→ **Data for this task**:
++++++
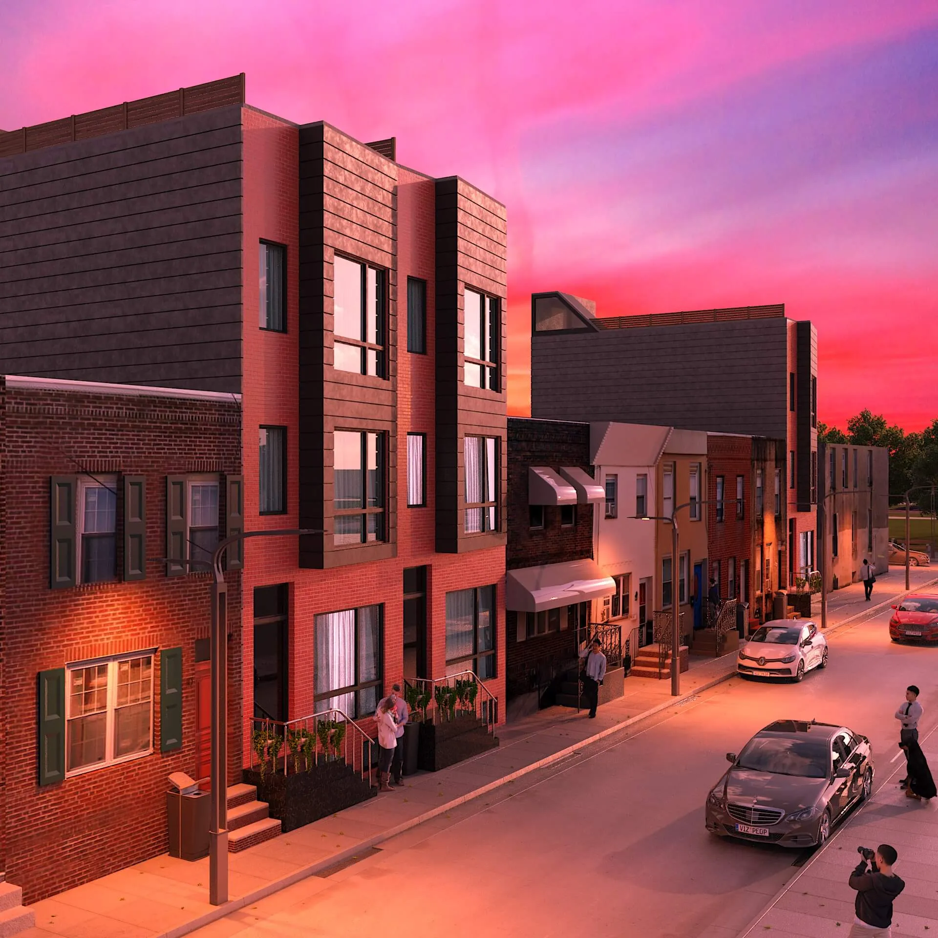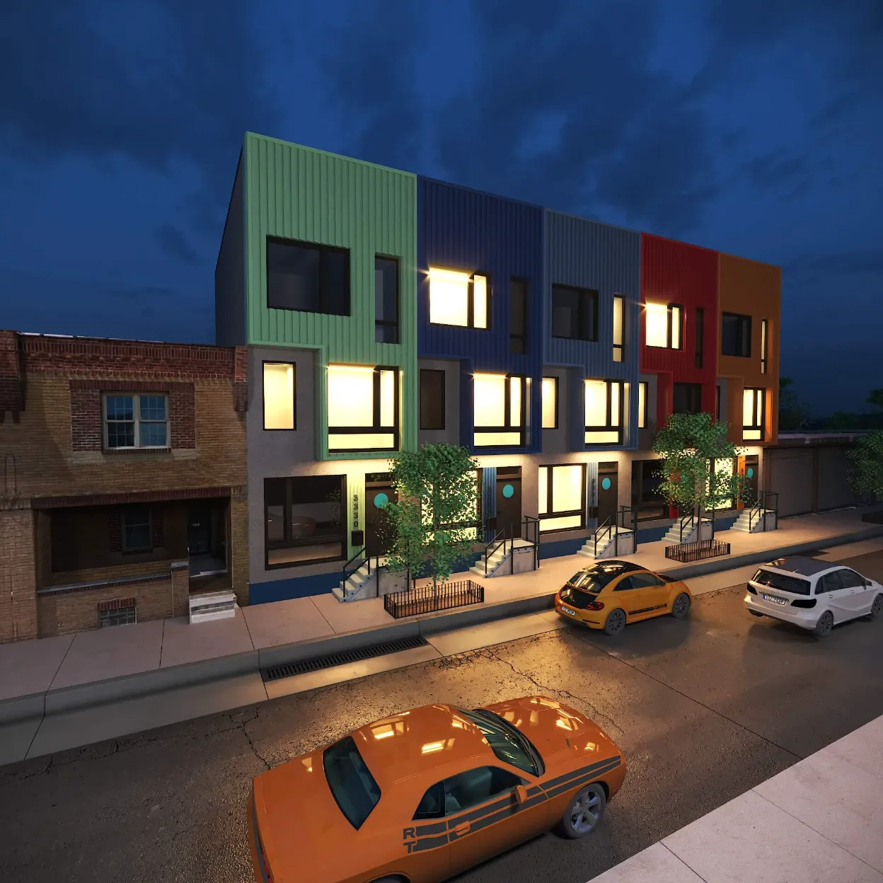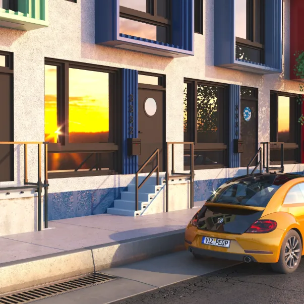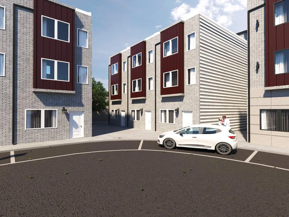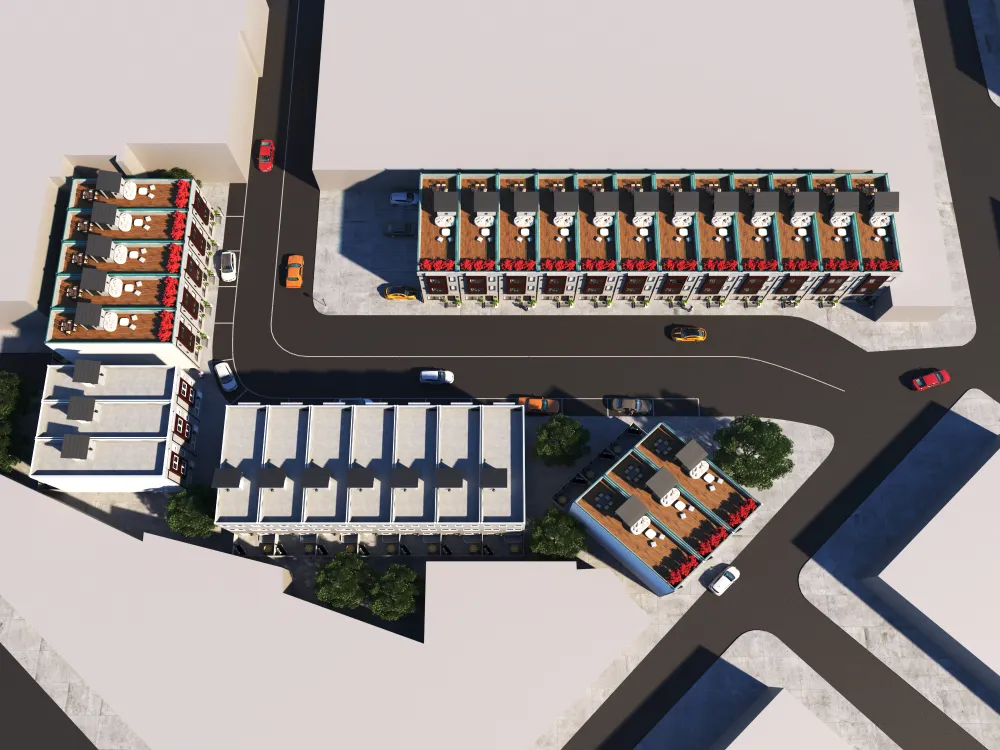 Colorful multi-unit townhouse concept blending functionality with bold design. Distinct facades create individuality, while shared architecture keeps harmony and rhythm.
++++++
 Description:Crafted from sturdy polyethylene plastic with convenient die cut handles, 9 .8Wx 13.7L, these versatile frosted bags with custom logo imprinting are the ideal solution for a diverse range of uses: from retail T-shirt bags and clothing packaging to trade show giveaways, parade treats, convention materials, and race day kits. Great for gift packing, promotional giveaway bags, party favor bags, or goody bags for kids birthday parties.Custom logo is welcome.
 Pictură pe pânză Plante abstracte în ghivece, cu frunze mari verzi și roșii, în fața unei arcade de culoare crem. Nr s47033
++++++
→ **Work task**:
Within the data above, the span starting at the line containing "Description:Crafted from sturdy" and ending at the line containing "Pictură pe pânză" is to be retyped exactly, with no other lines.

→ **Answer area**:
 Description:Crafted from sturdy polyethylene plastic with convenient die cut handles, 9 .8Wx 13.7L, these versatile frosted bags with custom logo imprinting are the ideal solution for a diverse range of uses: from retail T-shirt bags and clothing packaging to trade show giveaways, parade treats, convention materials, and race day kits. Great for gift packing, promotional giveaway bags, party favor bags, or goody bags for kids birthday parties.Custom logo is welcome.
 Pictură pe pânză Plante abstracte în ghivece, cu frunze mari verzi și roșii, în fața unei arcade de culoare crem. Nr s47033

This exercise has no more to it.